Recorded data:

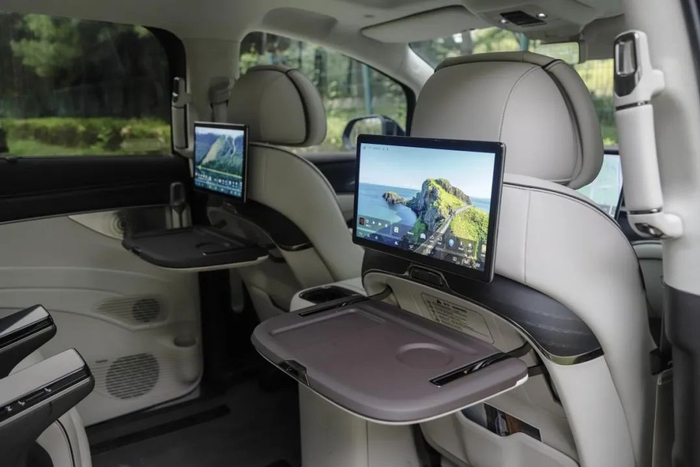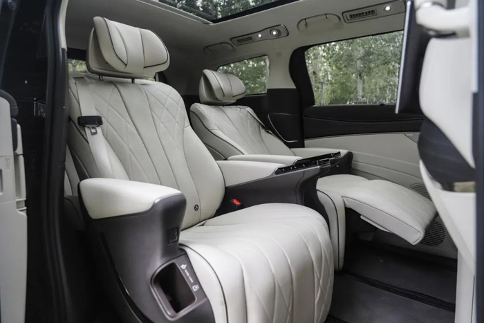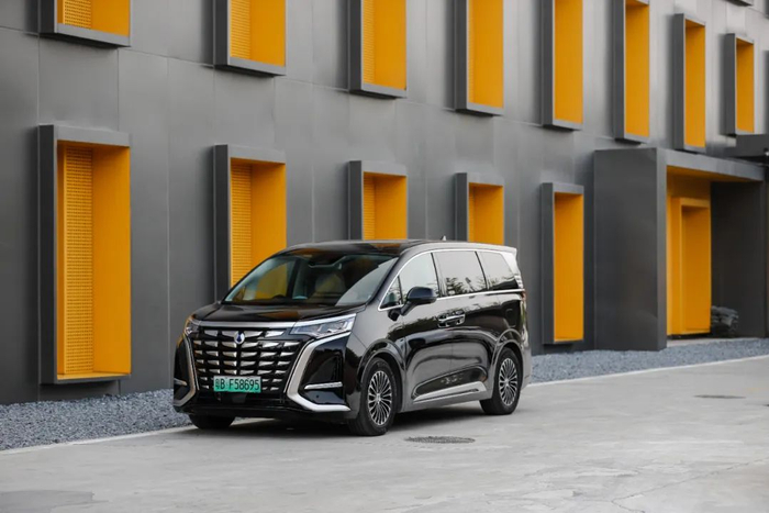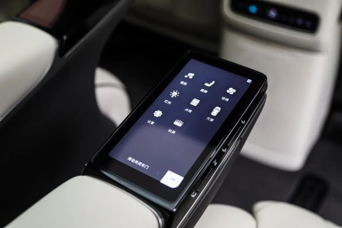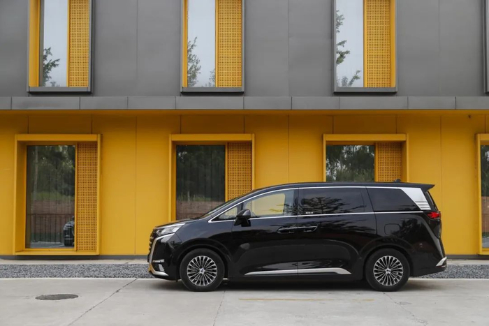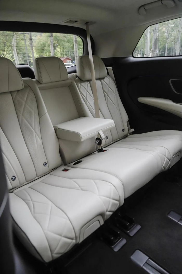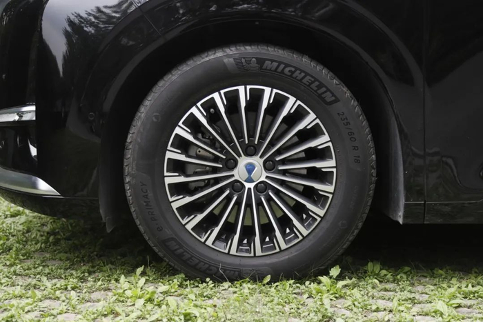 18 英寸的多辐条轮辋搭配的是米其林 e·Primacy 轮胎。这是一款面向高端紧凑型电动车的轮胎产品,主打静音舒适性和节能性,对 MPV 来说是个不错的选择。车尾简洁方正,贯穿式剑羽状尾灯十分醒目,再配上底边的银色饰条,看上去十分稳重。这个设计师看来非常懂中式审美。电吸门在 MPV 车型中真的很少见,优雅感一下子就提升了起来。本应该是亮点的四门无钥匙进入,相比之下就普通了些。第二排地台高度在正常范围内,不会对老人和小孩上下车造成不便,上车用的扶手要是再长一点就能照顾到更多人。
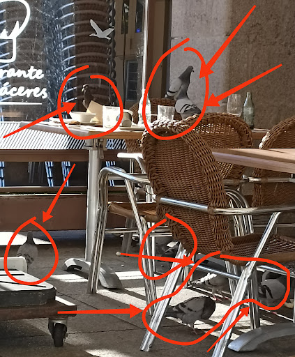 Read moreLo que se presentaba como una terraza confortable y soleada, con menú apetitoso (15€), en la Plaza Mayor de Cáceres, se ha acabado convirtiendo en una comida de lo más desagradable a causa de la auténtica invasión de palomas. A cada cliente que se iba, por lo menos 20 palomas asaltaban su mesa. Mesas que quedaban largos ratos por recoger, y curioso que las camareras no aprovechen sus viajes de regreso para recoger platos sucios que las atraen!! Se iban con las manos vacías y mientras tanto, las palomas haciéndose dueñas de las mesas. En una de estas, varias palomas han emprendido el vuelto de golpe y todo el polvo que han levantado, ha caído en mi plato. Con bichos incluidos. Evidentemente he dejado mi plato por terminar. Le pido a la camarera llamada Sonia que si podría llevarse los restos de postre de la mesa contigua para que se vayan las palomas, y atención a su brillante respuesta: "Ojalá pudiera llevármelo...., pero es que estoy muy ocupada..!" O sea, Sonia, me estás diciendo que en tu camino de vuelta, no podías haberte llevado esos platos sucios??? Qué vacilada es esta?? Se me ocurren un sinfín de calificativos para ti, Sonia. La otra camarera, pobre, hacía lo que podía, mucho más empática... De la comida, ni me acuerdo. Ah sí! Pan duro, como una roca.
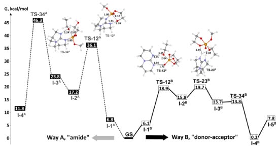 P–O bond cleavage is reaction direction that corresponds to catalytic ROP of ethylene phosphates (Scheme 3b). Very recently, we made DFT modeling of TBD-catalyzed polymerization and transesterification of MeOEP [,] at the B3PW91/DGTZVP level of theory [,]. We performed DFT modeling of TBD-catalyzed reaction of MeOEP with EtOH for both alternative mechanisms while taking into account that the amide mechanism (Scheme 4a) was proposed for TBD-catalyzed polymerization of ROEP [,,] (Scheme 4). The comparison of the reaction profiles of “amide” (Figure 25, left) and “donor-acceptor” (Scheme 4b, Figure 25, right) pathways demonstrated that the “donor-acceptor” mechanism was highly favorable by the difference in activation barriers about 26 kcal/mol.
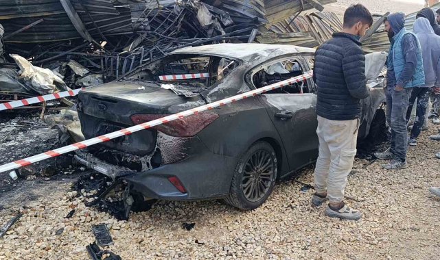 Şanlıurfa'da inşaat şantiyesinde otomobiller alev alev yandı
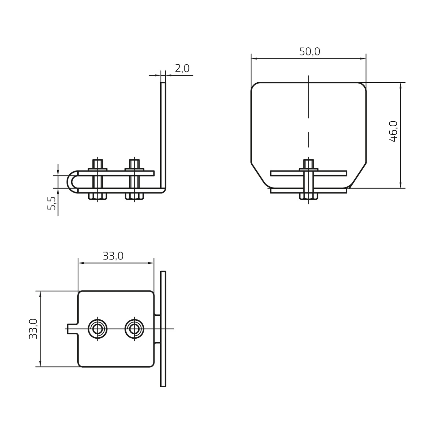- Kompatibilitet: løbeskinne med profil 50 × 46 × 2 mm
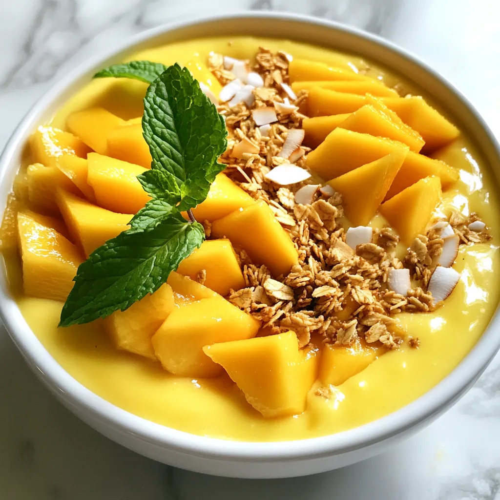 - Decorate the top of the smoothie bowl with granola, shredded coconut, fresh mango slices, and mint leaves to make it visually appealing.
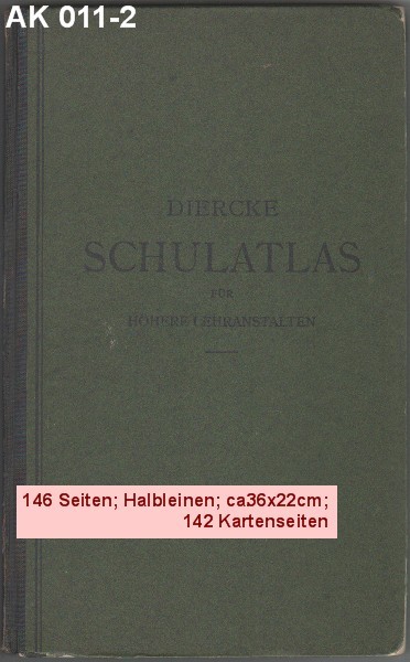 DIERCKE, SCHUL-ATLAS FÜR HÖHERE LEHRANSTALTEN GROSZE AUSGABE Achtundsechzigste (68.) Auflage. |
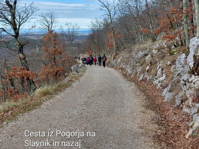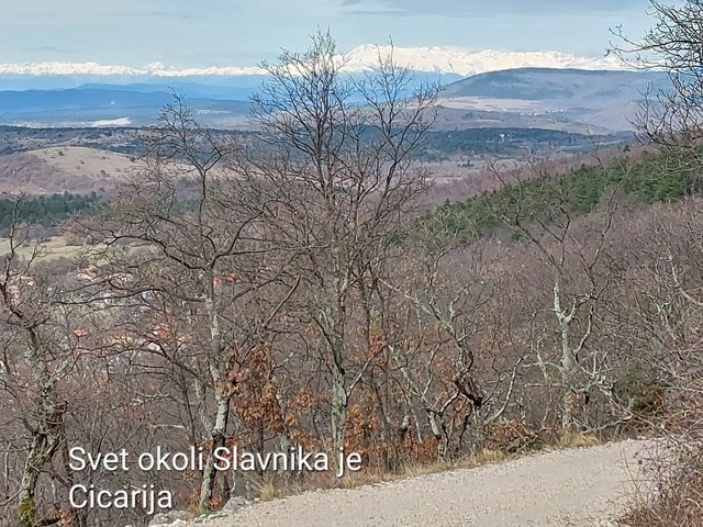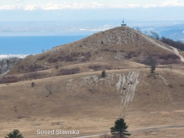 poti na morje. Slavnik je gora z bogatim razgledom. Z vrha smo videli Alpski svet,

Work to be completed => Output all lines above precisely. Pictures are to be left out.

Result of the exercise =>
 18 英寸的多辐条轮辋搭配的是米其林 e·Primacy 轮胎。这是一款面向高端紧凑型电动车的轮胎产品,主打静音舒适性和节能性,对 MPV 来说是个不错的选择。车尾简洁方正,贯穿式剑羽状尾灯十分醒目,再配上底边的银色饰条,看上去十分稳重。这个设计师看来非常懂中式审美。电吸门在 MPV 车型中真的很少见,优雅感一下子就提升了起来。本应该是亮点的四门无钥匙进入,相比之下就普通了些。第二排地台高度在正常范围内,不会对老人和小孩上下车造成不便,上车用的扶手要是再长一点就能照顾到更多人。
 Read moreLo que se presentaba como una terraza confortable y soleada, con menú apetitoso (15€), en la Plaza Mayor de Cáceres, se ha acabado convirtiendo en una comida de lo más desagradable a causa de la auténtica invasión de palomas. A cada cliente que se iba, por lo menos 20 palomas asaltaban su mesa. Mesas que quedaban largos ratos por recoger, y curioso que las camareras no aprovechen sus viajes de regreso para recoger platos sucios que las atraen!! Se iban con las manos vacías y mientras tanto, las palomas haciéndose dueñas de las mesas. En una de estas, varias palomas han emprendido el vuelto de golpe y todo el polvo que han levantado, ha caído en mi plato. Con bichos incluidos. Evidentemente he dejado mi plato por terminar. Le pido a la camarera llamada Sonia que si podría llevarse los restos de postre de la mesa contigua para que se vayan las palomas, y atención a su brillante respuesta: "Ojalá pudiera llevármelo...., pero es que estoy muy ocupada..!" O sea, Sonia, me estás diciendo que en tu camino de vuelta, no podías haberte llevado esos platos sucios??? Qué vacilada es esta?? Se me ocurren un sinfín de calificativos para ti, Sonia. La otra camarera, pobre, hacía lo que podía, mucho más empática... De la comida, ni me acuerdo. Ah sí! Pan duro, como una roca.
 P–O bond cleavage is reaction direction that corresponds to catalytic ROP of ethylene phosphates (Scheme 3b). Very recently, we made DFT modeling of TBD-catalyzed polymerization and transesterification of MeOEP [,] at the B3PW91/DGTZVP level of theory [,]. We performed DFT modeling of TBD-catalyzed reaction of MeOEP with EtOH for both alternative mechanisms while taking into account that the amide mechanism (Scheme 4a) was proposed for TBD-catalyzed polymerization of ROEP [,,] (Scheme 4). The comparison of the reaction profiles of “amide” (Figure 25, left) and “donor-acceptor” (Scheme 4b, Figure 25, right) pathways demonstrated that the “donor-acceptor” mechanism was highly favorable by the difference in activation barriers about 26 kcal/mol.
 Şanlıurfa'da inşaat şantiyesinde otomobiller alev alev yandı
- Kompatibilitet: løbeskinne med profil 50 × 46 × 2 mm
 - Decorate the top of the smoothie bowl with granola, shredded coconut, fresh mango slices, and mint leaves to make it visually appealing.
 DIERCKE, SCHUL-ATLAS FÜR HÖHERE LEHRANSTALTEN GROSZE AUSGABE Achtundsechzigste (68.) Auflage. |
 poti na morje. Slavnik je gora z bogatim razgledom. Z vrha smo videli Alpski svet,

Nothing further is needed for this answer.